Greatly explained. A lot of things explained in detail in just no that-much videos. Totally worth-it the specialisation!! Went from zero knowledge to know a lot of things about how it really works. Learned python (including keras and tensorflow) along the way as well.

By David W

Feb 18, 2018

Thanks for an enlightening course about sequences and how to apply machine learning concepts. This course has brought new light to how to solve some difficult sequencing tasks in my day to day work and I plan on looking for future courses from Andrew Ng in the future!

By Adão T

Aug 30, 2020

The course is well structured! Dr Andrew Ng teaches very well all the concepts in the videos and also references to the papers. Along with the programming exercises, we can put in practise all the concepts from the videos. The exercises are also very well documented.

By - A U S

Jun 11, 2020

This was by far the most challenging and most interesting course of all the courses in the specialization. Really gives your brains a hard time, but after you see/hear (haha) the results, it seems that all that was worth the effort!!! THANKS ANDREW, for everything!!!

By Michal G

Mar 25, 2018

Very good course as all run by Andrew Ng :)

Even though I passed all the assignments I will go through the whole course again to make sure I understand everything very well.

On the other side it would be nice to get some reference to public data to train more on my own

By Srikanth G

May 15, 2020

It's been a great journey. Thank you all for providing such an insightful and thorough course. The use of real-world applications to demonstrate deep learning algorithms was truly astounding. Once again, thank you, for imparting your precious knowledge to the world.

By Raffaele T

Mar 9, 2018

It's a course about a lot of things: speech recognition, music generation, image captioning, machine translation, ecc.
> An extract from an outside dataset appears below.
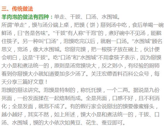 个人制作羊肉泡馍,可增加些许如鸡精、味精、蚝油、豉汁、鱼露、豆豉之类的调味剂进行提味、提鲜。但原味羊肉泡馍是无需上述这些调味品的。关注宏德香料百科公众号,每天分享三篇好文章!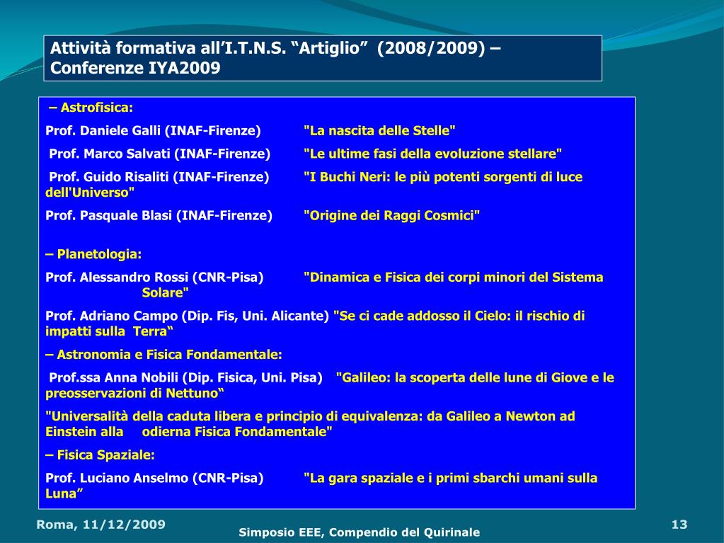Attività formativa all’I.T.N.S. “Artiglio” (2008/2009) – Conferenze IYA2009 – Astrofisica: Prof. Daniele Galli (INAF-Firenze) "La nascita delle Stelle" Prof. Marco Salvati (INAF-Firenze) "Le ultime fasi della evoluzione stellare" Prof. Guido Risaliti (INAF-Firenze) "I Buchi Neri: le più potenti sorgenti di luce dell'Universo" Prof. Pasquale Blasi (INAF-Firenze)"Origine dei Raggi Cosmici" – Planetologia: Prof. Alessandro Rossi (CNR-Pisa) "Dinamica e Fisica dei corpi minori del Sistema Solare" Prof. Adriano Campo (Dip. Fis, Uni. Alicante) "Se ci cade addosso il Cielo: il rischio di impatti sulla Terra“ – Astronomia e Fisica Fondamentale: Prof.ssa Anna Nobili (Dip. Fisica, Uni. Pisa) "Galileo: la scoperta delle lune di Giove e le preosservazioni di Nettuno“ "Universalità della caduta libera e principio di equivalenza: da Galileo a Newton ad Einstein alla odierna Fisica Fondamentale" – Fisica Spaziale: Prof. Luciano Anselmo (CNR-Pisa)"La gara spaziale e i primi sbarchi umani sulla Luna” Simposio EEE, Compendio del Quirinale Simposio EEE, Compendio del Quirinale

It's highly recommended to study previous courses to fully understand the concepts.

There are some errors in the exercises because it's a new course.

By Alejandro D G

Oct 12, 2020

Very good course: the lectures are clear and motivating, the applied exercises help to improve the understanding of the topics and its implementations, and is very nice that for each topic the teacher incentivizes to read the papers from which this ideas came from.

By Arkoprova M

Aug 24, 2020

This course gives a very good introduction to exciting applications of Deep Learning,that too in a very short time span. It is worth the time and effort to learn a complex thing in such a lucid manner. The instructions in the programming assignment has helped a lot

By Rohan K

Mar 27, 2018

Pellucid, succinct, and the final bomb of this specialization! Felt a little dazed sometimes during the course and some things didn't really make some sense, but after things do settle after a re-watch. This course is so good it is actually re-watch recommended. :P

By Jonathan E

Jun 26, 2019

As usual, an amazing course by Professor Andrew Ng. The course manages to convey the most important elements of such a critical field, teaching from papers which were published only a couple of years ago. For anyone who wants to work in AI/ML, this is a must-do.

By Tín N T

Aug 21, 2019

This course helps me understand more about RNN and its variations, especially I learnt about the basic of Attention mechanism. What I enjoy the most in this course is its assignments, these are very practical and easy to understand. Thank you for reading these.